60 человек, арестованные в округе Манпур в конце января 2010 года, всё ещё не предстали перед судом.

Большой контингент полицейских сил прибыл в Южный Бастар. Начались беспорядочные столкновения.

8 ноября 2009 года в деревне Качларам были убиты Биджапур Джила, Дирко Мадка (60) и Ковасм Суклу (68).

24 ноября Мадави Баман (15) был убит в деревне Пангоди.

3 декабря Мадави Будрам из Коренджада тоже был убит.

11 декабря в деревне Гумиапал, округ Дарба, были убиты 7 человек (имена пока неизвестны).

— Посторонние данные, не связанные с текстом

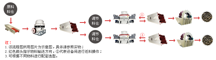 工藝流程須知:當物料小于40mm時,直接進入制砂機破碎,不用前面的第一段破碎。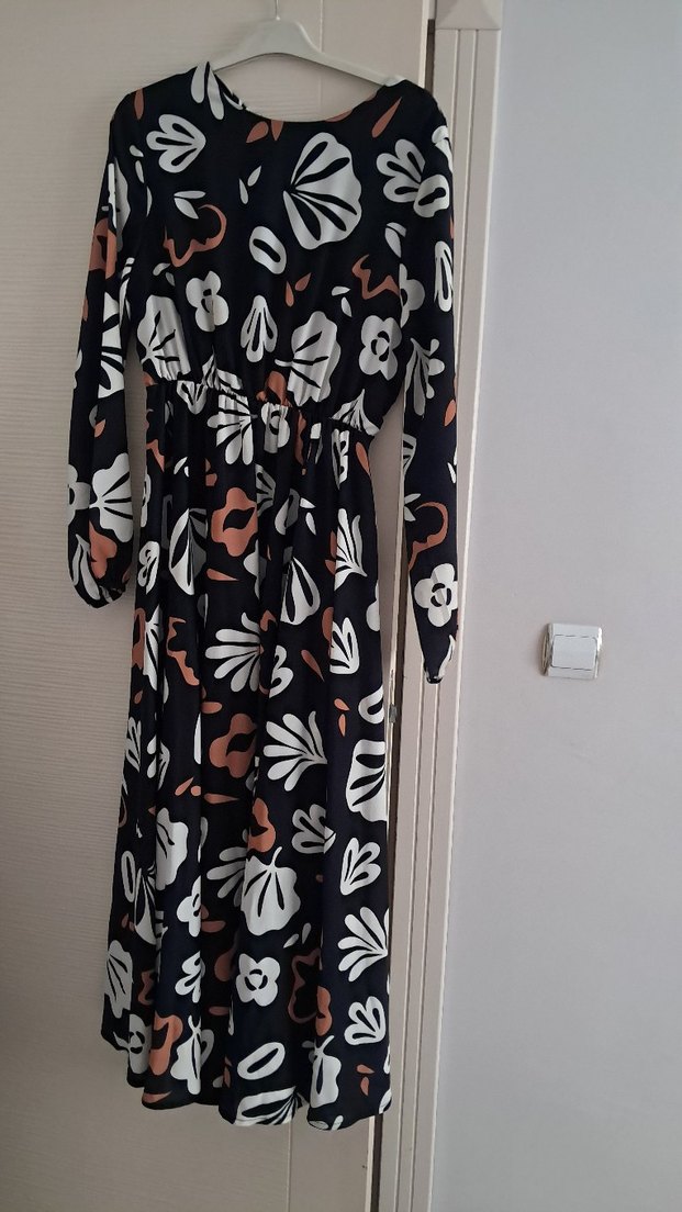 Uzun, bol kesim elbise, koyu renkli çok renkli çiçek desenine sahip. Uzun kollu ve , sentetik kumaştan, drapeli tarzda, bohem tarzını yansıtıyor.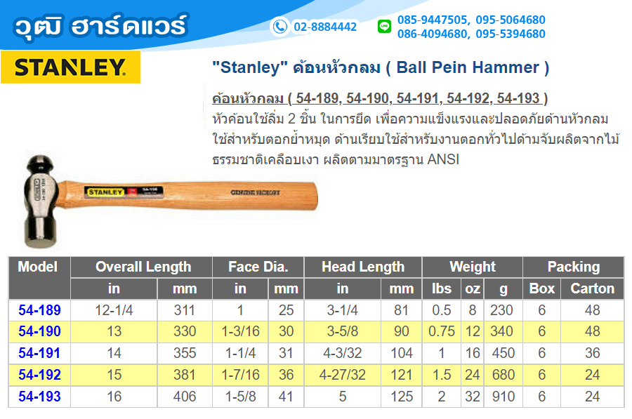 STANLEY 54-192 ค้อนหัวกลม 15" 24oz ![]()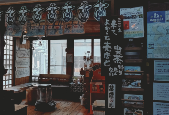 喫茶スペースで他の旅人と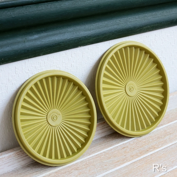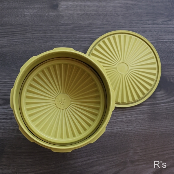 Tupperware デコレーター大小セット 柄付き 丸形保存容器 黄緑 です。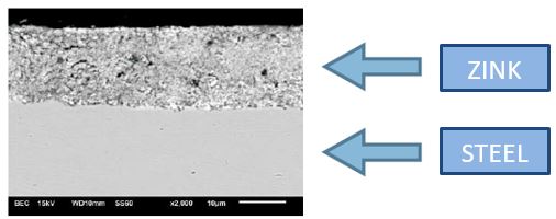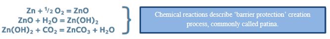 The zinc coating has another advantage: the ingredients under the influence of the atmosphere (oxygen, carbon dioxide, water), create a thin surface layer of a water-insoluble zinc carbonate, commonly called patina, which comprises so called barrier protection.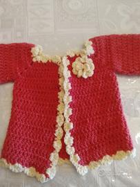 Giacca lunga bimba in lana 3..6 mesi all. Uncinetto

15 декабря в деревне Котрапал убиты Веко Сомбар и Мадави Матти (обе члены KAMS).

30 декабря в деревне Вечапал убиты Пунем Панду и Пунем Моту (отец и сын).

В январе 2010 (дата неизвестна) был убит глава джантана саркара в деревне Кайка, Гандалаур.

9 января, 4 человека убиты в деревне Сирпангуден, район Джагаргонда.

10 января, 3 человека убиты в деревне Пуллем Пуллади (имена пока неизвестны).

25 января, 7 человек убиты в деревне Такилод, район Индравати.

10 февраля (день Бхумкал) Кумли изнасиловали и убили в деревне Думнаар, Орчха. Она была из деревни Пайвер.

2000 военных Индо-тибетского приграничного патруля (ITBP) разбили лагерь в лесах Раджнандгаона, ещё 5000 военных из Пограничных сил безопасности прибыли в Канкер.

И ниже: квота Партизанской армии народного освобождения выполнена.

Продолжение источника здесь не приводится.